A phosphorylation map of the photosystem II supercomplex C2S2M2

Sujith Puthiyaveetil 1,*, Helmut Kirchhoff 1
PMCID: PMC3828554  PMID: 24298276

PS II phosphorylation

It was 36 years ago when John Bennett first discovered chloroplast protein phosphorylation (Bennett, 1977). The most conspicuous chloroplast phosphoprotein was the apoprotein of the Light Harvesting Complex II (LHC II) of photosystem II (PS II). Other phosphoproteins included the reaction center protein CP43 and the quinone-binding proteins D1 and D2 of PS II. These earlier studies also identified the PsbH protein, the minor subunit of PS II, as another chloroplast phosphoprotein (Allen, 1992). Nearly all of the first-known chloroplast phosphoproteins belong to PS II, the water-oxidizing photosystem of oxygenic photosynthesis.
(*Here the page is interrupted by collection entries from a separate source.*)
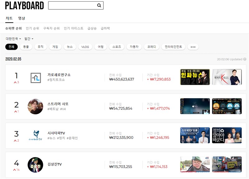 플레이보드라는 웹사이트가 있다. 이곳에서는 슈퍼챗 순위, 인기순위, 구독자 순위, 인기 아티스트, 급상승 순위, 급하락 순위를 실시간으로 확인할 수 있는 웹사이트다.
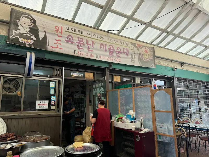 시장 안에는 몇 군데 식당이 눈에 띄었는데, 그중에서도 순대와 보리밥을 파는 집들이 많았다. 유독 눈길을 끈 곳은 ‘시골순대’라는 간판을 내건 작은 식당이었다. 동네 주민들이 삼삼오오 모여 앉아 정겹게 이야기를 나누는 모습에, 아, 여기가 바로 숨겨진 무주 맛집이구나 하는 직감이 왔다. 망설임 없이 안으로 발걸음을 향했다.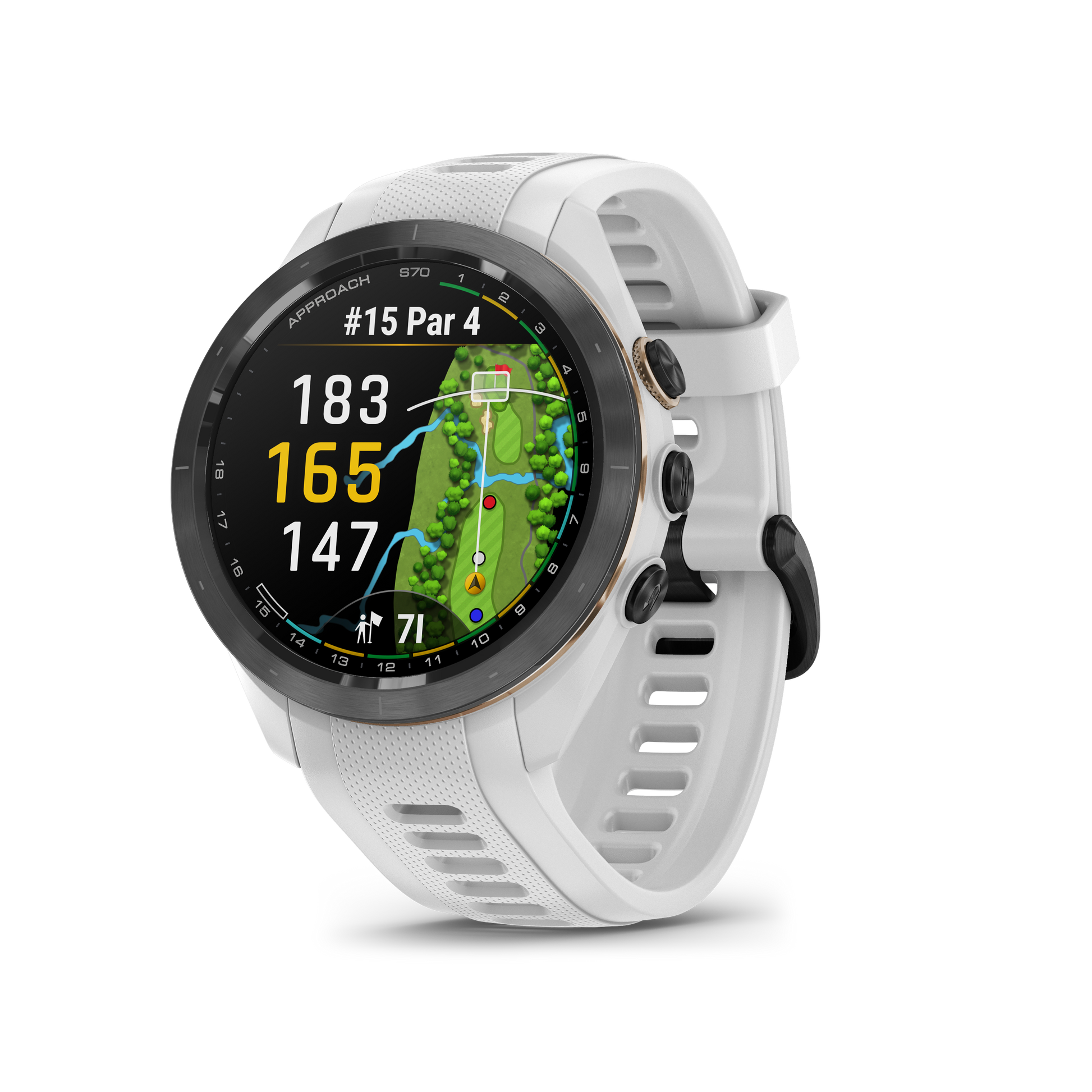 If golf is your world, Approach® S70 is your watch. Featuring a stunning 1.2” AMOLED display, this smaller-sized premium smartwatch brings more than 43,000 courses to life and features all the on-course tools you need to lower your handicap. The improved virtual caddie feature provides a recommended club based on your shot dispersion data, elevation and more. An enhanced PlaysLike Distance feature utilizes a built-in barometer, so you’ll know how far each shot is playing. And on your way to the hole, preloaded green contour data gives you insights into slope direction of the green (with an active Garmin Golf™ app membership). The slim, stylish design looks great on and off the course, with features that support your training — and lifestyle — including strength, yoga and running. Also get heart rate and advanced sleep monitoring for an extra edge when you’re on the course (data presented is intended to be a close estimation of metrics tracked). With up to 10 days of battery life in smartwatch mode and 15 hours in GPS mode, you’ll always have time for another round.

With more than 25 protein subunits and 350 kDa in size, the PS II core monomer is a massive structure (Umena et al., 2011). This enormous size is in addition to the peripheral light harvesting complexes. The major peripheral antenna of PS II is LHC II, which is a trimer. Some, so-called minor, LHC are monomeric and act as linkers in connecting the trimeric LHC II to the core. The core is composed of the reaction center proteins D1 and D2 and an internal antenna made up of CP43 and CP47. The PS II core with its peripheral antenna forms supercomplexes, which mainly differ in the number of LHC II bound to the core (Caffarri et al., 2009). The core itself is dimeric (C2) to which the LHC II could strongly (S), or moderately (M), or loosely (L) bind. The monomeric linker associated with the S-form is CP26, and for the M-form are CP29 and CP24. A dimeric core (C2) with 2 S and 2 M LHC II (C2S2M2) is the most abundant supercomplex in plant photosynthetic membranes (Kouril et al., 2012).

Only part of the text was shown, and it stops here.